And then we have an understanding
of how people move across different places
when they are checking in and providing this information.
We have models that allow us to map any GPS coordinate to the place
that the people are in with high certainty factoring in all the error and noise within
the GPS signals as well. In the late 2010s, Foursquare did a pivot to enterprise and starts with two primary data products, places and visits. And then we did a
bunch of acquisitions, notable one, Factual placed and unfolded and Factual brought in a large data
set of places like Foursquare had this places data set created by humans, factual providers,
like places from digital sources,
like websites and other providers.
So it was a good blend of that product.
Unfolded is a visualization product that helps visualize
and analyze large scale geospatial data sets.

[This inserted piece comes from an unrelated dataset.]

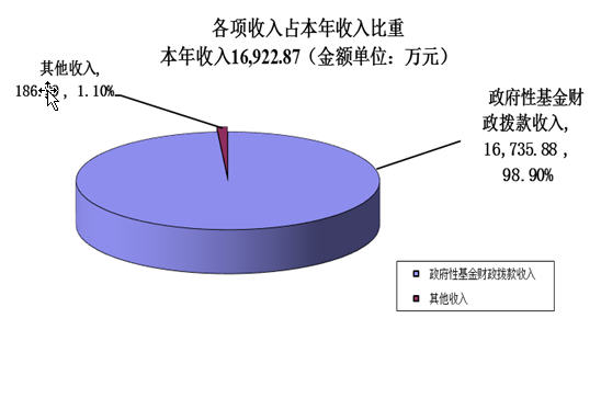 本部門2017年度收入合計16,922.87 萬元。其中:財政撥款收入16,735.88 萬元,占總收入的98.90%;上級補助收入0萬元,占總收入的0%;事業(yè)收入0萬元,占總收入的0%;經(jīng)營收入0萬元,占總收入的0%;附屬單位繳款收入0萬元,占總收入的0%;其他收入186.99 萬元,占總收入的1.1%。

Placed augmented our business.
We have a business line. We have a marketers business line focused on
providing attribution. What it means is like when you run an ad campaign and you want to understand
whether people actually ended up going to the store. So Foursquare leverages its movement data
and provides these metrics so that people can optimize like people spending on ad campaigns
can optimize their spend on whether the ad is successful versus not so that's where Foursquare
is today great thanks thanks for the intro and interesting that you uh specifically mentioned
attribution because that's something that caught my attention uh one of the reasons being that
i was actually curious I mean
I've been covering the the broader data and analytic space for a while and one
of the topics that I actually remember because I've done a few was precisely
that attribution and specifically attribution for radio commercials
because it's not something that people who are not familiar I was also not
familiar with that I was like okay so how can you possibly know the real effect of your radio commercial and whether that drives
people to do something or not and it turns out that you can do it and actually location data is
and it plays an important part in that yeah so yeah you've already started painting a picture
that has lots of data and actually lots of different data.
You mentioned acquisitions, for example.
That's a typical scenario through which you end up with lots of data sources that aren't necessarily integrated and actually are also hard to integrate.

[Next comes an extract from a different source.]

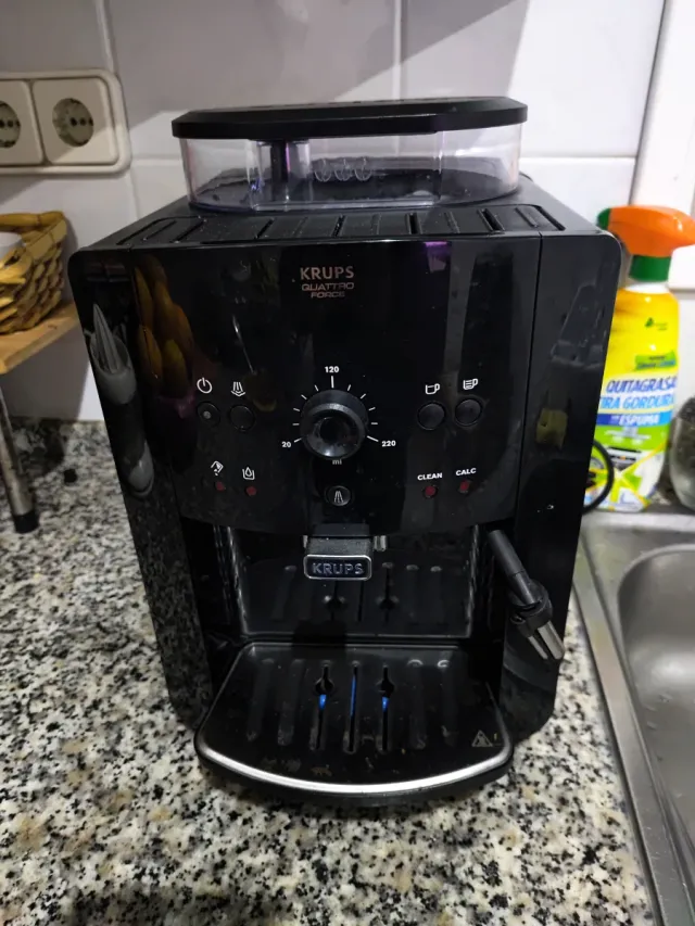 Detalles del productoCafetera automática Krups Quattro Force en color negro. Perfecta para preparar café.

So maybe that already paves the way towards what you're actually announcing tomorrow. So the Foursquare graph.
Would you like to kind of briefly talk about what kind of data does Foursquare deal with and what
kind of data infrastructure do you have in place for that? So for example, when those acquisitions
were brought in-house, how did you manage that data integration that you had to do?

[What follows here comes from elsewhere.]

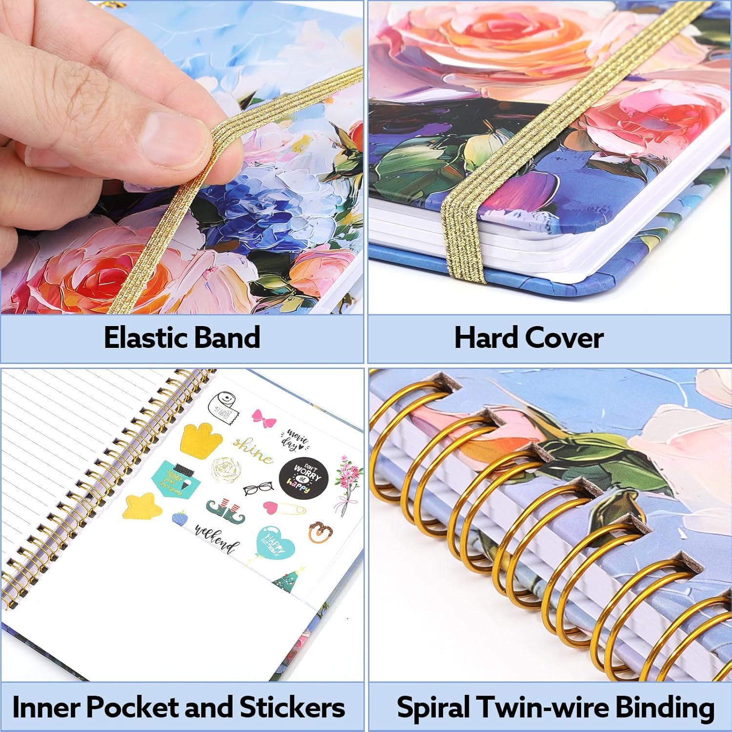 • 【Unique Designs】The 180° flat design makes your reading and writing easier. Elastic closure keeps the notebook closed when not in use, the back pocket is used to store invoices, cards, notes, etc., Unique cover pattern designes make your n

Yeah, I think the four-square graph is an outcome of a series of observations solving specific pain points within our company and also how customers were using our data,
how much time they were spending before they were able to extract insights
for their business specific use case.
So to talk about the use cases, because we had our stack in general, we had data coming
in from three different positions.
Like if you take the Places data, our Foursquare stack was primarily an online stack which was based off of Scala web services and MongoDB
and we had an offline stack that was primarily an S3 based data lake with a hive metastore
right like in all of our pipelines and then Airflow and Luigi and we were heavy users of Spark and EMR. So, and then we brought in the factual pipeline,
factual integration where we got in a lot of data
and then that also used a lot of Spark and EMR,
but had a completely different kinds of principles
because of the kind of data they were dealing with, right?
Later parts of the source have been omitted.